Stored items:
━━━━━━━━━━━━━━━━━━━━━━━━━━━━━━

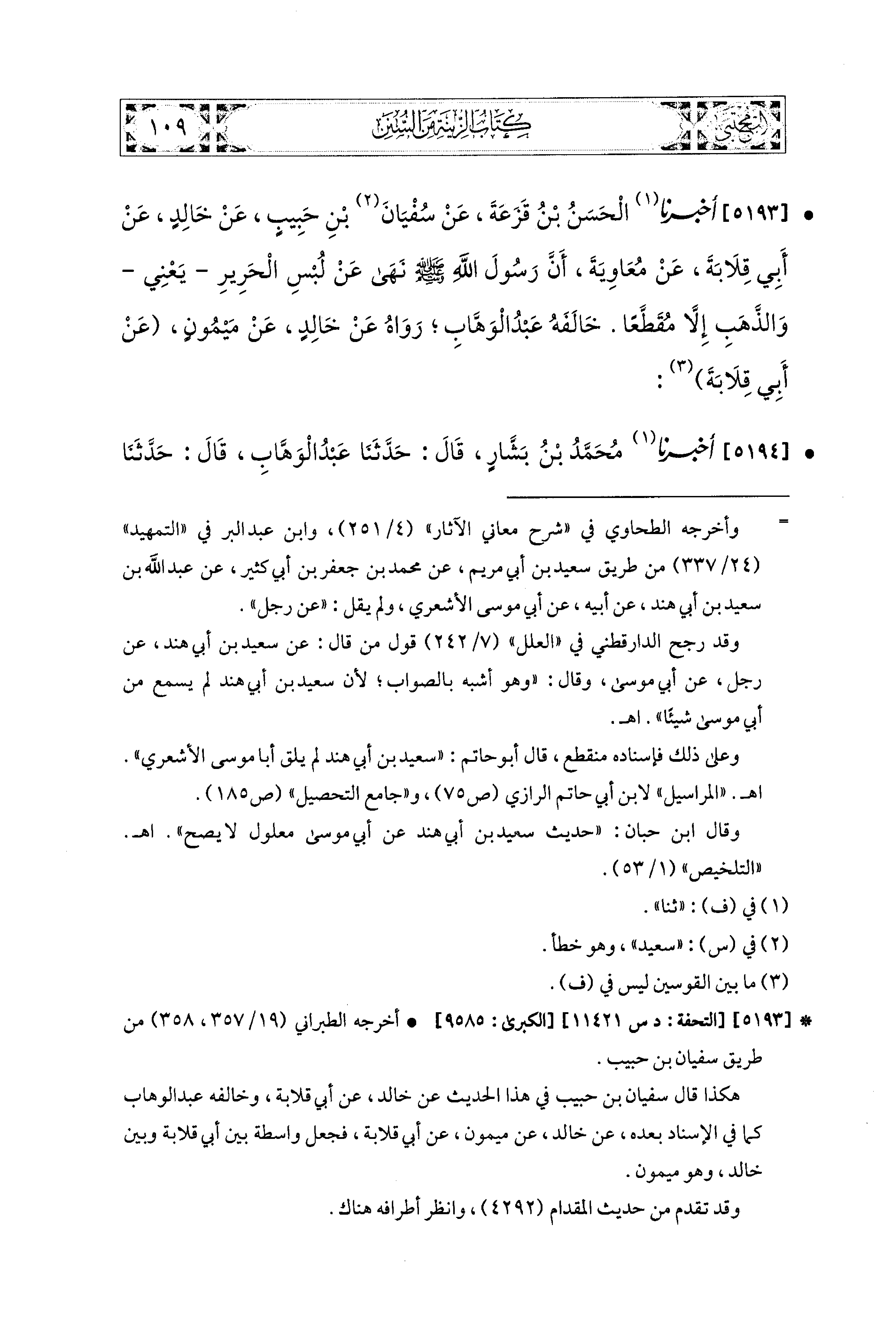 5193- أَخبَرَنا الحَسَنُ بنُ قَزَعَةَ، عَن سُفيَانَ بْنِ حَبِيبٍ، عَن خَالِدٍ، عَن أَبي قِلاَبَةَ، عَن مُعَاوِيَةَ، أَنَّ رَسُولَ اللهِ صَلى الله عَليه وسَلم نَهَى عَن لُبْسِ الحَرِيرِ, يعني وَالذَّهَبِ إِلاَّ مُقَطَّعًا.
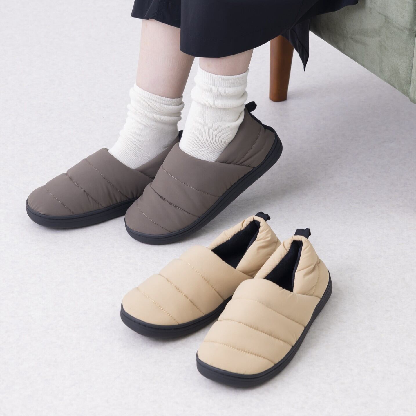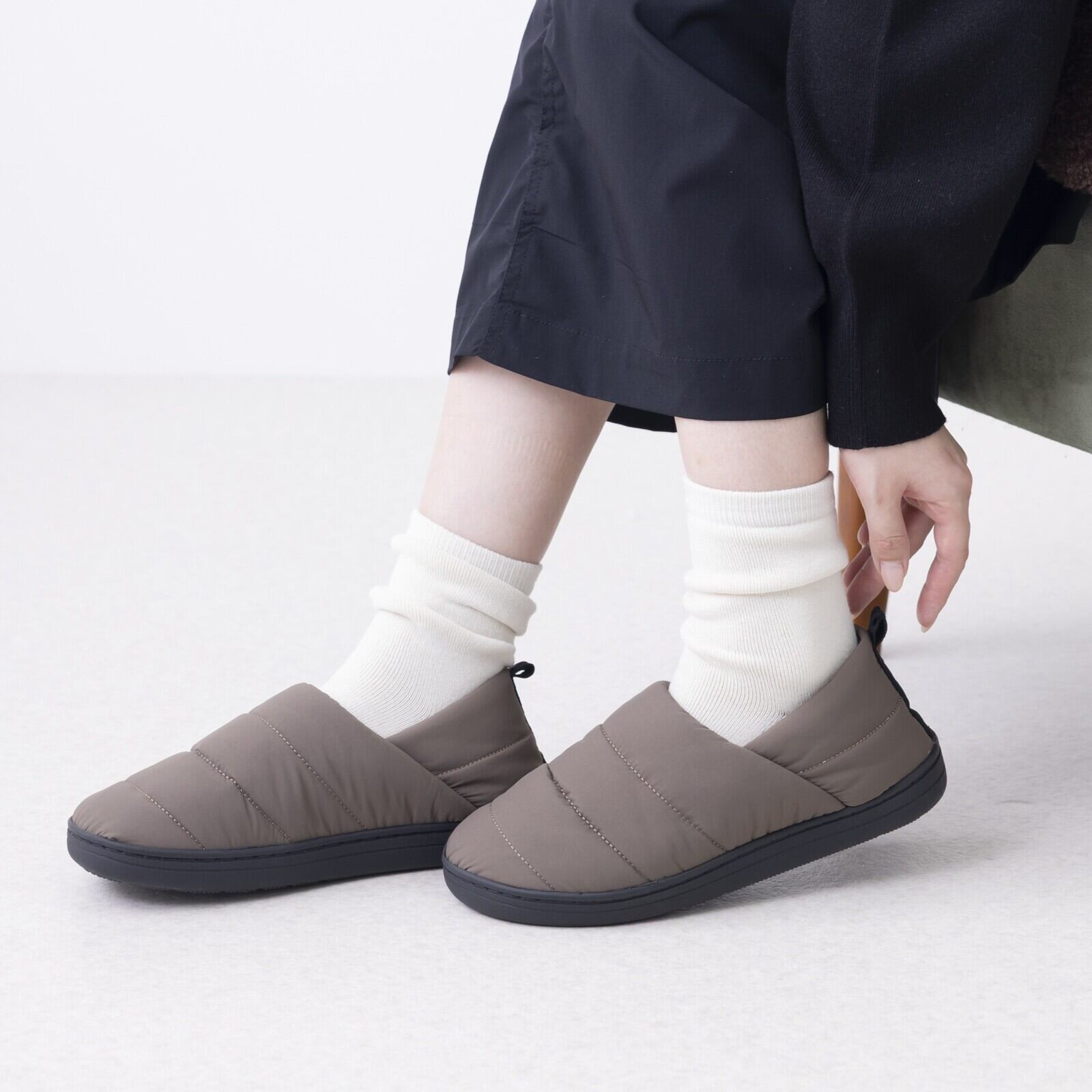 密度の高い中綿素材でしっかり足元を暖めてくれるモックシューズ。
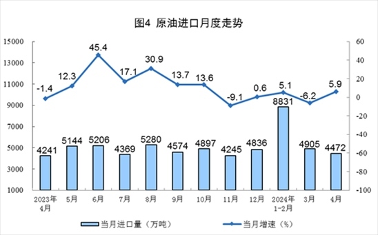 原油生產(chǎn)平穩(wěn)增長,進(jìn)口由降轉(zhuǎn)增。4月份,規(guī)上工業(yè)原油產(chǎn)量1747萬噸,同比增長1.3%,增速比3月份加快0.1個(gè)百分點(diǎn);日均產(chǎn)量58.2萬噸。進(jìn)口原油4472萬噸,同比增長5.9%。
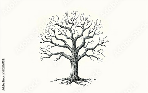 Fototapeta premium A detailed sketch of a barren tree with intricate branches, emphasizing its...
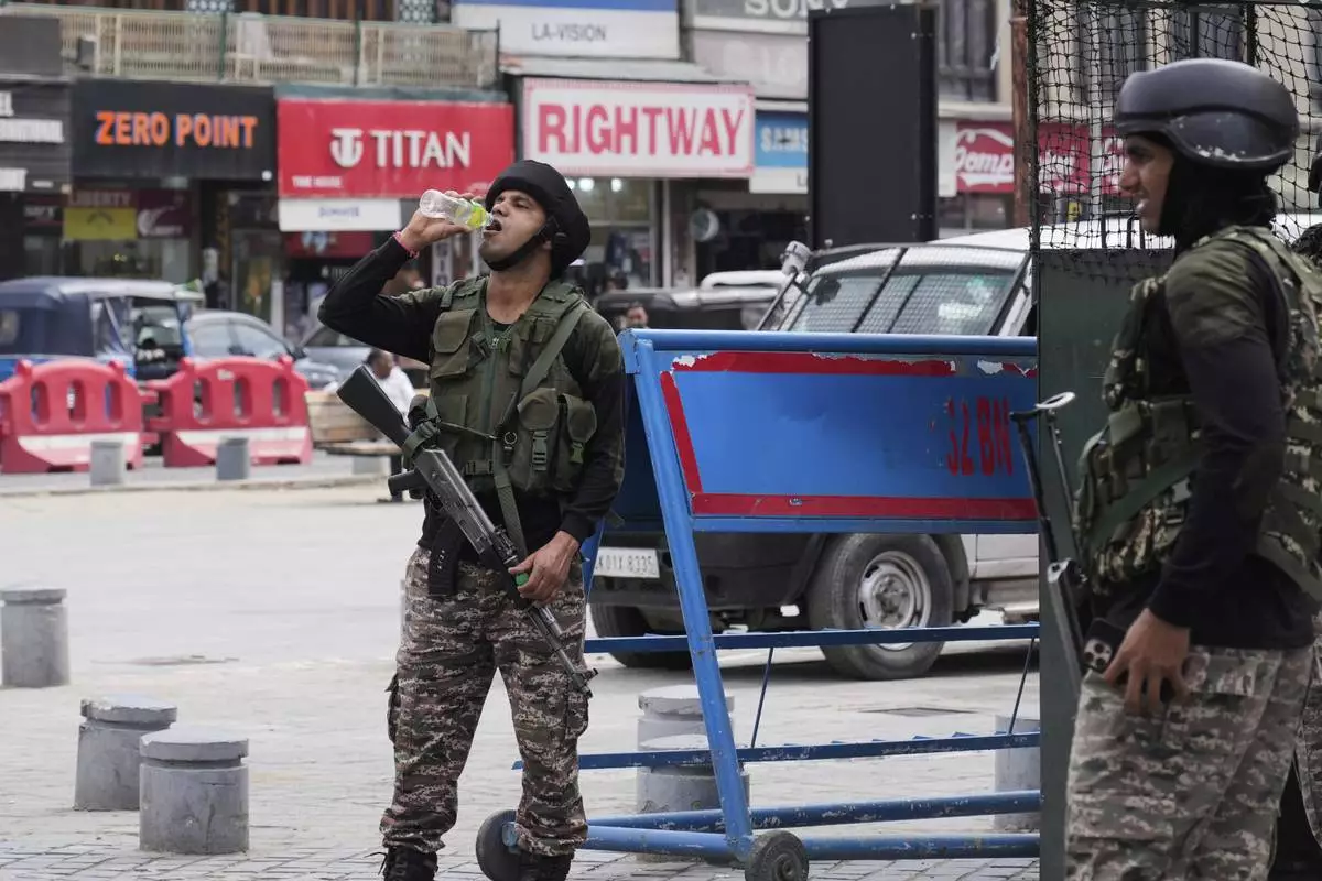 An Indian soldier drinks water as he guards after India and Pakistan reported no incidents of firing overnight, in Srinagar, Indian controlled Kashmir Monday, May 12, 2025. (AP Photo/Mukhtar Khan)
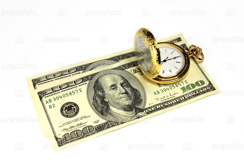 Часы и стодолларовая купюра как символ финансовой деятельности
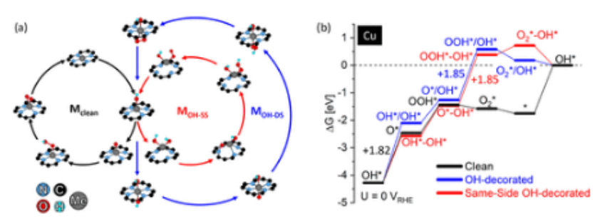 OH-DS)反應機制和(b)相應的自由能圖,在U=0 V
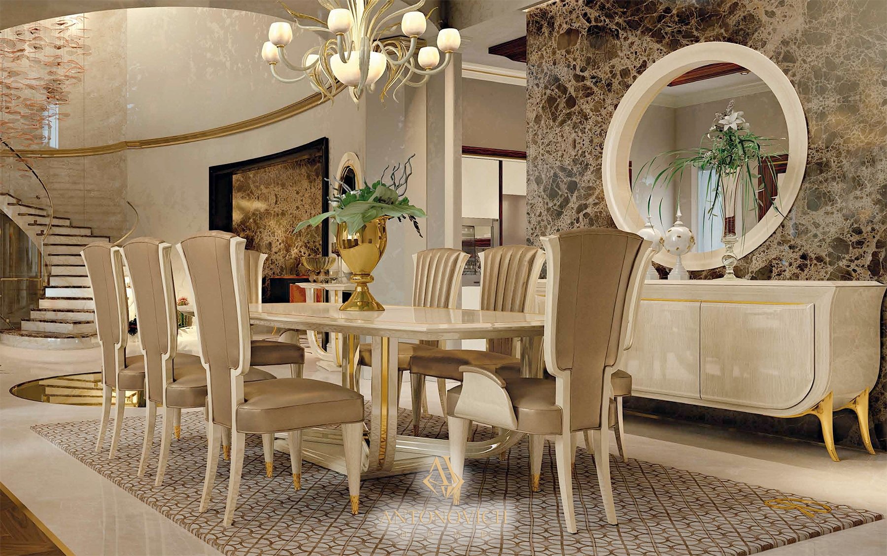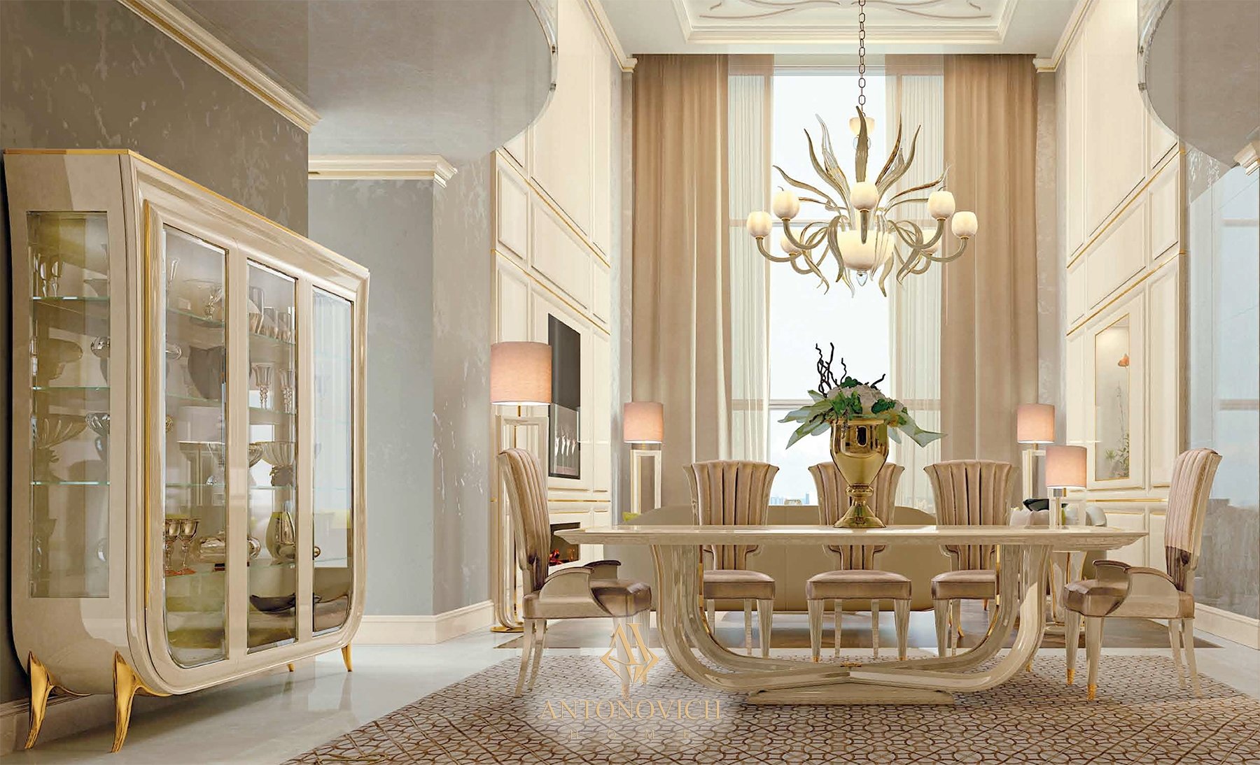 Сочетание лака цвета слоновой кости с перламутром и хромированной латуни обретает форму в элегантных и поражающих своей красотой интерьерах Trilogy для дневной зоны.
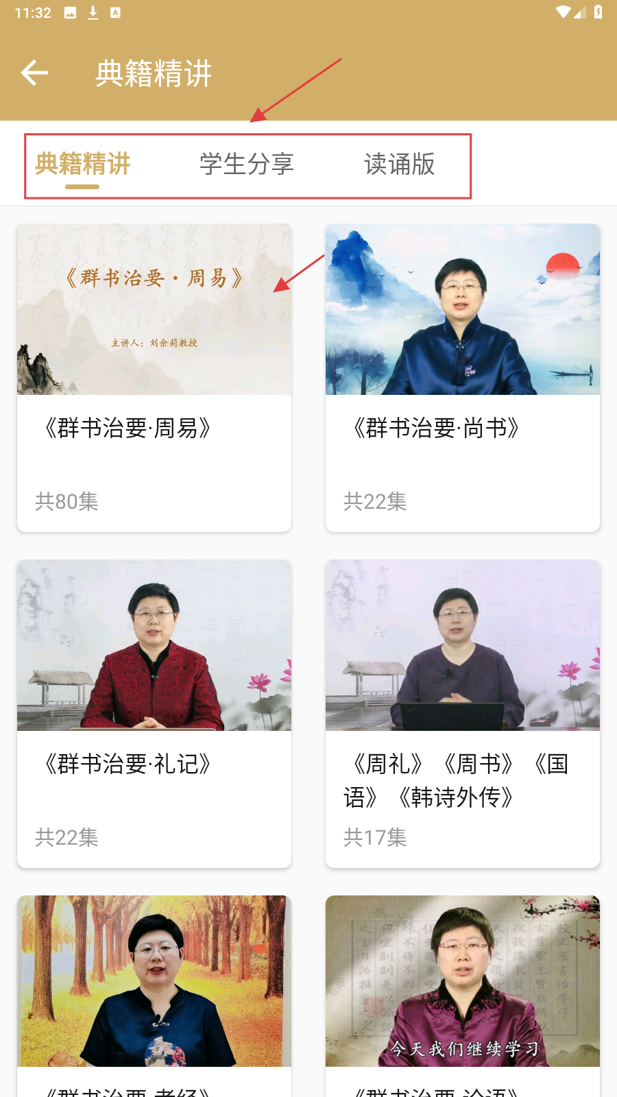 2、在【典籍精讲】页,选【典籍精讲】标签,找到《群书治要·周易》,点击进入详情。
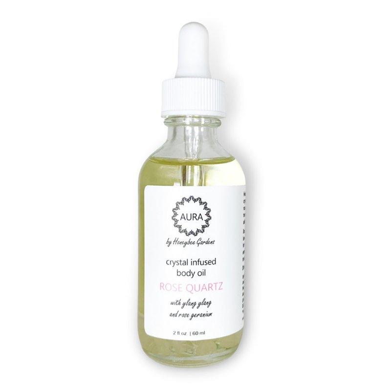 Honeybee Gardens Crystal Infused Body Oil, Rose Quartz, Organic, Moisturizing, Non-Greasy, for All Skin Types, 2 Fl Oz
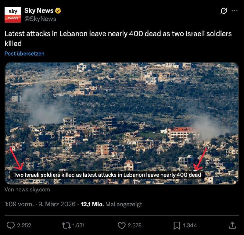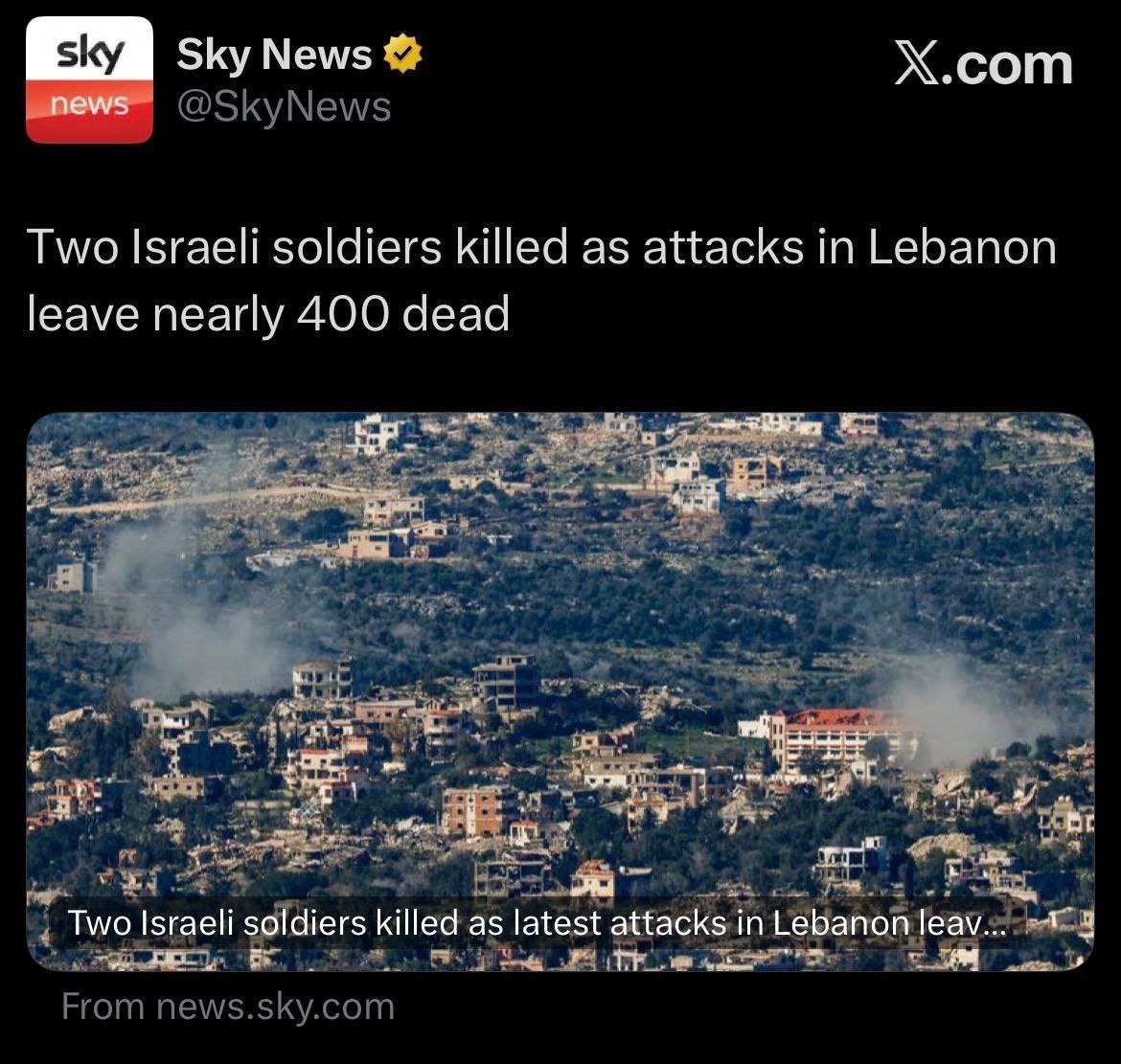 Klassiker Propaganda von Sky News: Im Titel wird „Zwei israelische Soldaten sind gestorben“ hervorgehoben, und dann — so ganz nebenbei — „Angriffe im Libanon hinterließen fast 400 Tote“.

━━━━━━━━━━━━━━━━━━━━━━━━━━━━━━

● **Task objective**: What is needed is an exact transcription of the lines from the one holding "Сочетание лака цвета" to the end of the data, with every picture left out.

● **Finished task**:
 Сочетание лака цвета слоновой кости с перламутром и хромированной латуни обретает форму в элегантных и поражающих своей красотой интерьерах Trilogy для дневной зоны.
 2、在【典籍精讲】页,选【典籍精讲】标签,找到《群书治要·周易》,点击进入详情。
 Honeybee Gardens Crystal Infused Body Oil, Rose Quartz, Organic, Moisturizing, Non-Greasy, for All Skin Types, 2 Fl Oz
 Klassiker Propaganda von Sky News: Im Titel wird „Zwei israelische Soldaten sind gestorben“ hervorgehoben, und dann — so ganz nebenbei — „Angriffe im Libanon hinterließen fast 400 Tote“.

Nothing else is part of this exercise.